London: Oil weakened on Friday after China lifted lenders’ reserve rate requirements by 50 basis points from February to temper inflation.
China’s move is the seventh increase since early 2010, and fanned expectation that Beijing’s appetite for buying commodities, and oil, could lessen.
US crude oil futures fell by $1.10 to $90.30 a barrel by 4:13pm.
February’s Brent crude contract was flat at $98.06 a barrel, before expiring at the end of trading on Friday. The March contract, which will become the front month on Monday, shed 16 cents to $97.13 a barrel.
“It was widely expected (China) would try to tighten the monetary base further,” Commerzbank’s Eugen Weinberg said. “It’s not actually surprising that they are trying to take steam out of the economy.”
“The market was pricing in the perfect world, and (...) although not unexpected this might change sentiment and provoke profit-taking,” he said.
The discount for US crude futures against Brent stood at $7.74 by 1042 GMT, after widening to $7.81 on Thursday, the widest discount since February 2009.
The dislocation between the two was further exacerbated this week by production snags from Norway to Alaska, reinforcing the view that a tightening of global oil markets could benefit waterborne Brent crude over the US futures marker WTI, a grade delivered at the landlocked storage hub of Cushing, Oklahoma.
Alaska’s main oil pipeline moved closer to restoring oil shipments to full volumes on Friday.
The line, which was closed after a leak last week, choked crude flow to about half of normal levels of 320,000 barrels per day on Thursday.
“Supply concerns have played a key role in oil’s ascent from the $80 a barrel level but are showing signs of abating as of late,” Gain Capital Forex.com senior market strategist Daniel Hwang said in a note late on Thursday.

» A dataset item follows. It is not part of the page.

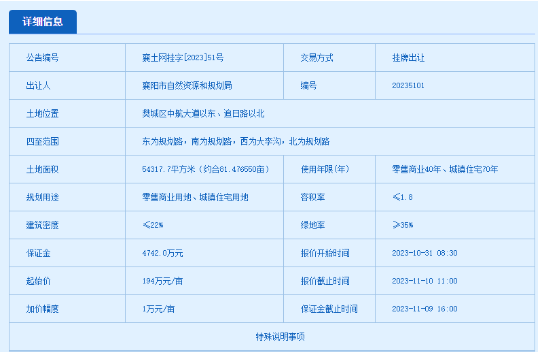 襄阳市国土资源网上交易系统 挂出樊城区一宗住宅、商业用地 起拍总价近1.58亿元! 总面积约81.48亩! 襄土网挂字[2023]51号 该地块位于 樊城区中航大道以东、追日路以北 土地面积54317.7平米 (约合81.47655亩) 起拍楼面价约1617元/㎡ 地块性质:零售商业用地、城镇住宅用地 容积率:≤1.8 建筑密度:≤22% 绿地率:≥35% 起始价:194万元/亩 宗地现场图 根据规划 建设用地面积54317.72平方米 城市道路面积8515.08平方米 地上计容建筑面积不大于97771.90平方米 建筑高度不大于35米 配套服务设施要求: 在用地内集中配建服务设施,按现行政策规定执行,与地块同步规划、同步建设、同步验收。 其中: (1)社区综合服务设施按照每100户配套30平方米且不小于400平方米标准配建,建成后按规定无偿移交给樊城区政府。 (2)配建独立占地且用地面积不小于2160平方米、建筑面积不小于1620平方米的6班幼儿园,建成后按规定无偿移交给樊城区政府。 (3)社区居家养老服务用房不小于750平方米,建成后按《襄阳市新建住宅小区配建养老服务设施“四同步”实施办法(试行)》执行。 (4)文化活动中心建筑面积不小于400平方米(含城市书屋100平方米),建成后由樊城区政府以成本价回购。 (5)社区卫生服务中心建筑面积不小于200平方米,建成后由樊城区政府以成本价回购。 (6)临支路布置建筑面积不大于500平方米的商业。 (7)配建建筑面积不小于50平方米公厕,需在临街建筑底层配建,公厕建成后无偿对外开放。
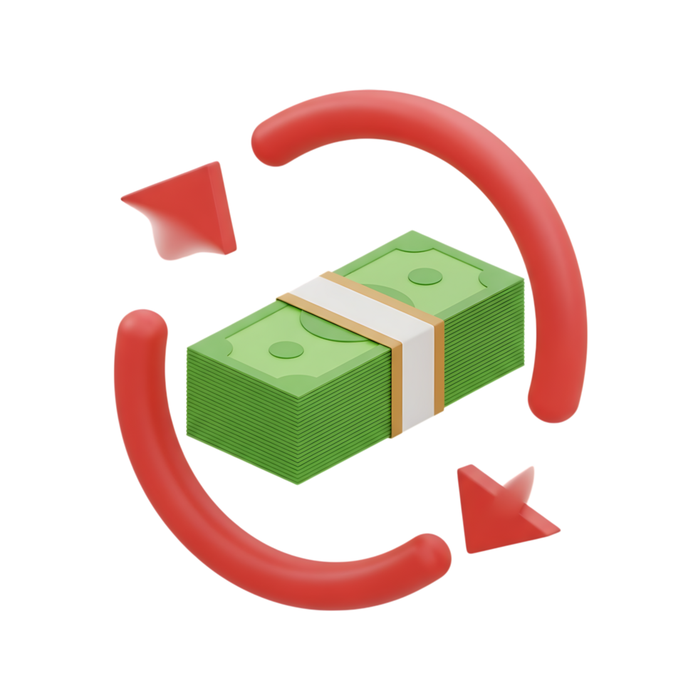 3d rendering of a stack of money with a circular arrow indicating cash flow, isolated on transparent background png

The pipepline closure lent support to Brent crude prices this week, lifting prices $1 shy off the $100 mark.
“The shutdown in the Trans Alaska Pipeline, a major distributor to the West Coast, seems to be resolved and is likely to allay fears of any long term supply disruptions,” Hwang said.
Investors will also eye a flurry of data from the world’s largest oil consumer, the United States, which will issue readings of the consumer price index, December retail sales and the Reuters/University of Michigan sentiment.